The relationships key defines a list of connections from the current model to other models.

Defining Relationships

Each relationship specifies the connection details between the current model and another (related) model.

Relationship Fields

FieldRequiredDescription
nameYesThe name of the related semantic model this relationship connects to.
source_colYesThe name of the join key column in the current model.
ref_colYesThe name of the join key column in the related model.
descriptionYesA human-readable description explaining the relationship’s business context. This is mandatory.
typeNoSpecifies the join type. Must be one of: LEFT, INNER, RIGHT, FULL OUTER. Defaults to LEFT if omitted.
cardinalityNoDescribes the numerical link between records. Must be one of: one-to-one, one-to-many, many-to-one, many-to-many. Optional.

Understanding Join Keys

  • source_col: Refers to the column in the current model’s underlying table/view that holds the key value. Often a foreign key.
  • ref_col: Refers to the column in the related model’s underlying table/view that holds the corresponding key value. Often a primary key.
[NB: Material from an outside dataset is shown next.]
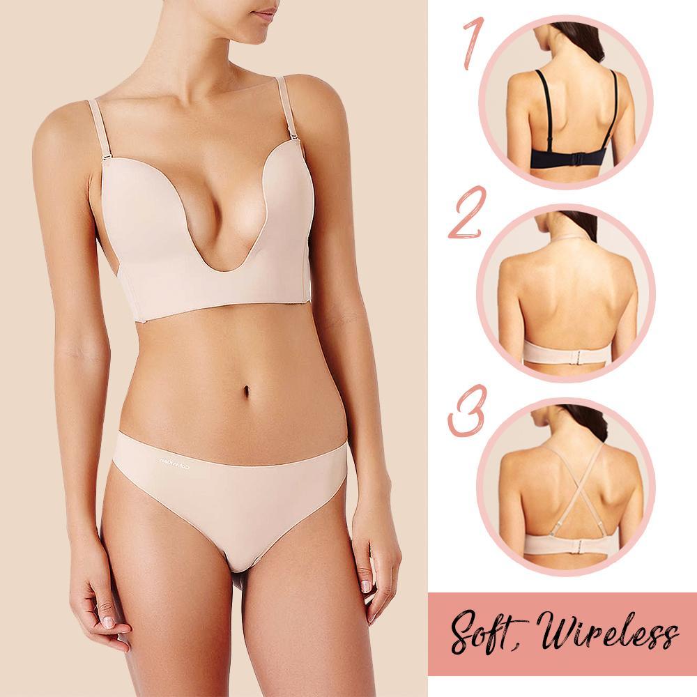 LiftUp Low Back Plunge Bra boosts that ample cleavage underneath your backless outfit invisibly!

Example: Orders to Customers

Assuming an orders model needs to link to a customers model:

# In orders.yml
name: orders
description: >
  Represents individual customer order transactions. Contains details about each order,
  including identifier, customer linkage, timing, status, and financial value. This is
  an event-based model crucial for sales analysis, revenue tracking, and understanding
  purchase patterns.
dimensions:
  - name: order_id
    description: Unique identifier for the order transaction.
    type: string
  - name: customer_id
    description: Foreign key linking to the 'customers' model.
    type: string
  - name: order_date
    description: Date the order was placed.
    type: date
  # ... other dimensions like status ...
measures:
  - name: amount # Renamed from total_amount
    description: Total monetary value of the order (e.g., in USD).
    type: number
  # ... other measures like item_count ...
relationships:
  - name: customer # Link TO customers model
    source_col: customer_id # Key in orders (current)
    ref_col: id           # Key in customers (related)
    description: Links this order to the specific customer who placed it.
    cardinality: many-to-one
    type: LEFT
# ... other relationships ...
metrics:
  - name: revenue_from_recent_customers
    description: >
      Total revenue from orders placed by customers who signed up in the current calendar year.
      Requires joining with 'customers' model via 'customer' relationship.
    # References 'signup_year' from the related 'customers' model via 'customer' relationship
    # Assumes 'amount' is a measure in this model.
    expr: "SUM(CASE WHEN customer.signup_year = EXTRACT(YEAR FROM CURRENT_DATE()) THEN orders.amount ELSE 0 END)"
# ... other metrics ...
# In customers.yml (Referenced by the metric above)
name: customers
description: >
  Represents individual customer entities. Contains contact information, registration details,
  location, and potentially derived metrics. Used as a dimension table for analyzing orders.
dimensions:
  - name: id
    description: The unique identifier for the customer (primary key).
    type: string
  - name: signup_year
    description: >
      The year the customer registered. Used in the cross-model metric example to analyze
      revenue based on customer tenure.
    type: integer
  # ... other dimensions like name, email, country ...
# ... measures / metrics ...
# ... relationships ...

Relationship Details

Accurately defining join types and cardinality is crucial for correct query generation and results.

Join Types (type)

This field dictates the SQL join behavior when this relationship is used in a query:

  • LEFT (Default): Includes all records from the current model (where the relationship is defined) and matching records from the related model. Fields from the related model will be NULL if no match is found.
  • INNER: Includes only records where a match exists in both models based on the join keys.
  • RIGHT: Includes all records from the related model and matching records from the current model. Fields from the current model will be NULL if no match is found. (Use with caution, often LEFT from the other model is clearer).
  • FULL OUTER: Includes all records from both models. Fields will be NULL where no match exists in the corresponding model.

Cardinality (cardinality)

This describes the expected numerical relationship between records connected by the join keys:

  • one-to-one: Each record in the current model maps to at most one record in the related model, and vice-versa (e.g., users to user_profiles).
  • one-to-many: Each record in the current model can map to multiple records in the related model (e.g., customers to orders).
  • many-to-one: Multiple records in the current model can map to a single record in the related model (e.g., orders to customers). This is the inverse of one-to-many.
  • many-to-many: Records in one model can map to multiple records in the other, and vice-versa (e.g., products to orders). This typically requires a junction model.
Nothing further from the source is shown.